Now some people might criticise Moses at this point for complaining to God

  • After all, God did tell Moses more than once that Pharaoh would be stubborn and refuse to let the Israelites go
  • Well, in Moses’ defence, Pharaoh hasn’t just refused to let the people go – Pharaoh has actually made things considerably worse for the people, which I’m not sure Moses was told about

 

In any case, I don’t think we should be too hard on Moses

  • It is one thing to be told you are in for some rough weather
  • But another thing entirely to actually go through the storm

 

The words of the foremen to Moses & Aaron would have really hurt – salt in the wound of failure

  • Just as Pharaoh had blamed the foremen for failing to meet the quotas, so too the foremen pass the blame onto Moses & Aaron
  • It would not have been easy for Moses to hear criticism from the lips of men who collaborated with the Egyptians
  • But Moses allows it – he doesn’t defend himself to them, even though their words are unkind and unfair
  • Leadership can be a pretty lonely experience, especially when things go wrong

 

Another thing to say, to Moses’ credit, is that (unlike Pharaoh and the Hebrew foremen) Moses does not take his frustrations out on other people

  • Moses takes his complaint to God who is big enough to handle it
  • And that in itself is interesting isn’t it
  • Who we complain to says something about who we believe is in charge
  • By taking their complaint to Pharaoh the foremen seem to be acknowledging on some level that Pharaoh is in charge
  • But Moses takes his complaint to God, which tells us that Moses believes God is in charge

 

God is not at all like Pharaoh – and we can see that quite clearly in the contrasting ways in which God & Pharaoh respond to complaints

 

As we’ve already heard, Pharaoh does not want to accept responsibility for the complaint

  • When the Hebrew foremen criticise his policy of withholding straw Pharaoh puts the blame back on them by saying they are lazy
  • The message is: No criticism is allowed under Pharaoh and so you are not free to express how you truly feel
  • If you live under Pharaoh then you must meet certain expectations and behave in a certain way in order to be accepted (or at least not abused)
  • The problem with this is that it creates a kind of false reality because no one feels able to be honest with you

 

Unlike Pharaoh, God is into being and that includes being honest – allowing others to criticise him (even if their criticism isn’t entirely accurate or fair)

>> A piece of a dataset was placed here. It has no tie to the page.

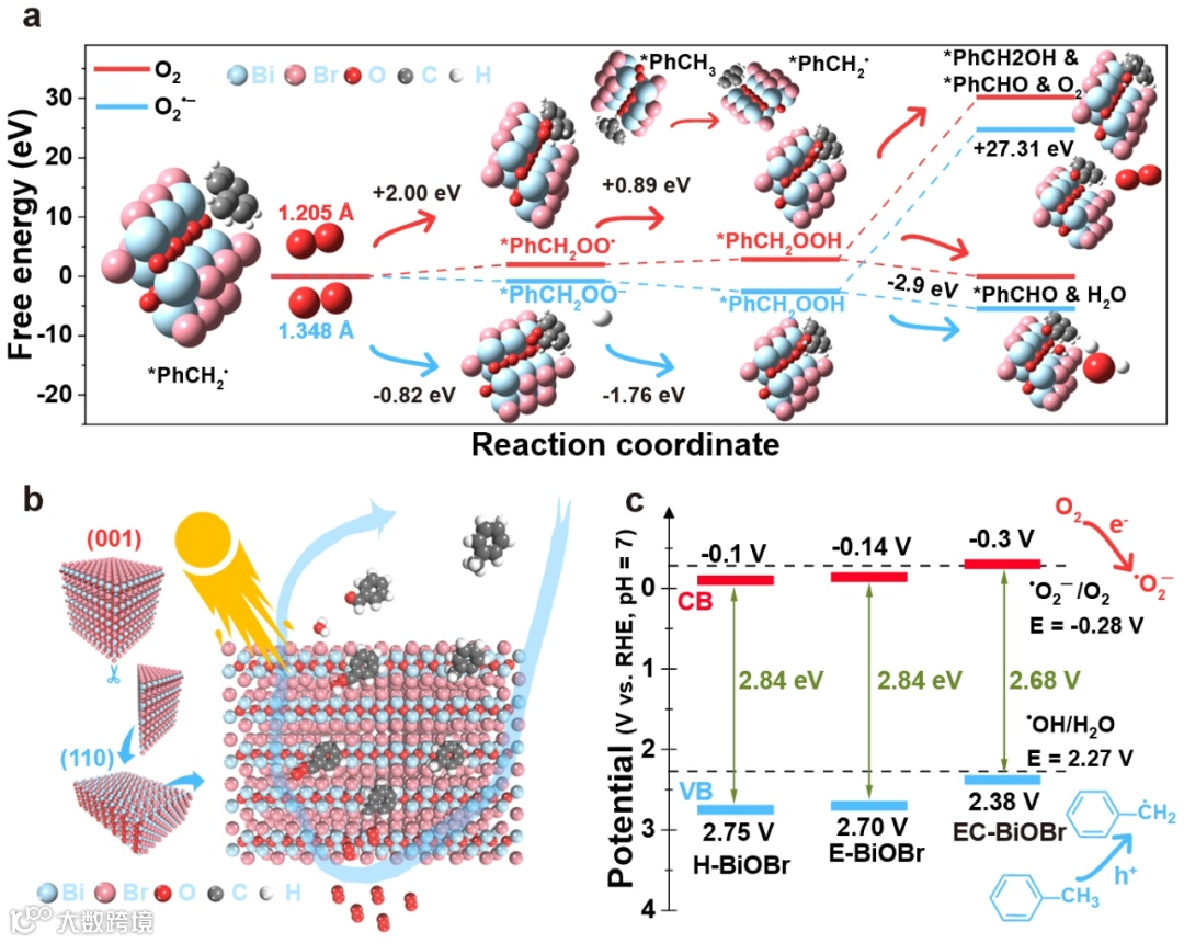 在TEM、XRD等表征结果的基础上搭建了合理的计算模型,利用第一性原理计算及量子化学计算,模拟了苄基自由基向苯甲醛转化的可能路径。结果表明,相较于氧气直接氧化路径,超氧自由基氧化路径是热力学可行的,进一步证明了超氧自由基在EC-BiOBr光催化甲苯选择性氧化过程中的重要作用。

  • When Moses complains to God, God allows it
  • God does not disagree with Moses
  • He lets Moses express what he is feeling
  • After all, feeling goes hand in hand with being
  • By the same token God doesn’t give Moses an explanation either
  • Just like he didn’t give Job an explanation for his suffering
  • God doesn’t normally explain our suffering – but he does share it
  • He allows himself to be in the situation with us – he feels our pain

So I reckon Moses is on the right track here

  • By making his complaint to God, Moses is acknowledging that God is in charge
  • And by being honest with God, Moses is relating to God on a being level – not a having level

 

As painful as it was, the foremen’s criticism of Moses & Aaron actually had a positive affect

  • Their rebuke revealed the truth of Moses’ motivation
  • No one could say Moses was in this for public adulation or the glory of it
  • Those foremen did Moses a favour in a way – they took the ego trip out of it for Moses
  • And in so doing they inducted Moses into a deeper dependence on God

 

This is often how God uses failure & disappointment in our life – to purify our motives and strengthen our integrity

  • If things come too easy – then we might think we did it ourselves
  • And if all we hear is praise – then we should be concerned – it could mean we are behaving like Pharaoh and not allowing criticism

 

In verse 1 of Exodus 6, after listening to Moses’ complaint, the Lord responds by saying…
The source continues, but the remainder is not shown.